You picked a bad night to stay in. ____ caught her hair on fire in ____'s birthday cake.
She had to stop drop and roll while two other girls beat the flames out. She might have a black eye
I am currently trying to use a tide to go pen to remove the jizz from my backseat, it's not working...
i said send nudes i get bra and panties. thats not what i fucking asked for.
YOU CAN RENT MIDGETS ON CRAIGS LIST
I told you not to ruin your birthday surprise!
We'll cross that bridge when we come to it... Or burn it. Either way we'll deal with it later
There I was staring at a teeny weeny black one and a huge white one. It was like an episode of Myth Busters
I just imagined your drunkass eating Taco Bell in my living room. This is the Godmother of my potential child.
well at that point we were just fucking to keep warm.
I'm sorry but that single bed couldn't hold all five of us, especially with those boobs.

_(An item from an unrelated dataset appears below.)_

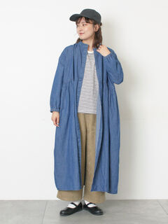 上品なバンドカラーとデニム素材を掛け合わせた、大人カジュアルにちょうどいいワンピース。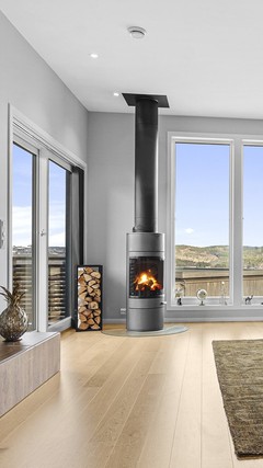 Elektrisk oppvarming. Peis i stue og varmepumpe i trappeoppgang.

I had to feed him the pizza because he was too blazed to do it himself
I bet, I woke up to you like naked at 4 in the morning shoving a sandwich in your face
My heart says buy the granny panties, but my vagina says don't throw in the towel yet.
I NEED A MOM FRIEND. NOW.
This woman at the blackjack table is sitting on a pile of newspaper so she can pee at her seat and never miss a hand.
I should have robbed the cradle years ago. Turns out 21 year old boys can cum and still fuck me silly a minute later. My vagina feels like it just won a car from Oprah!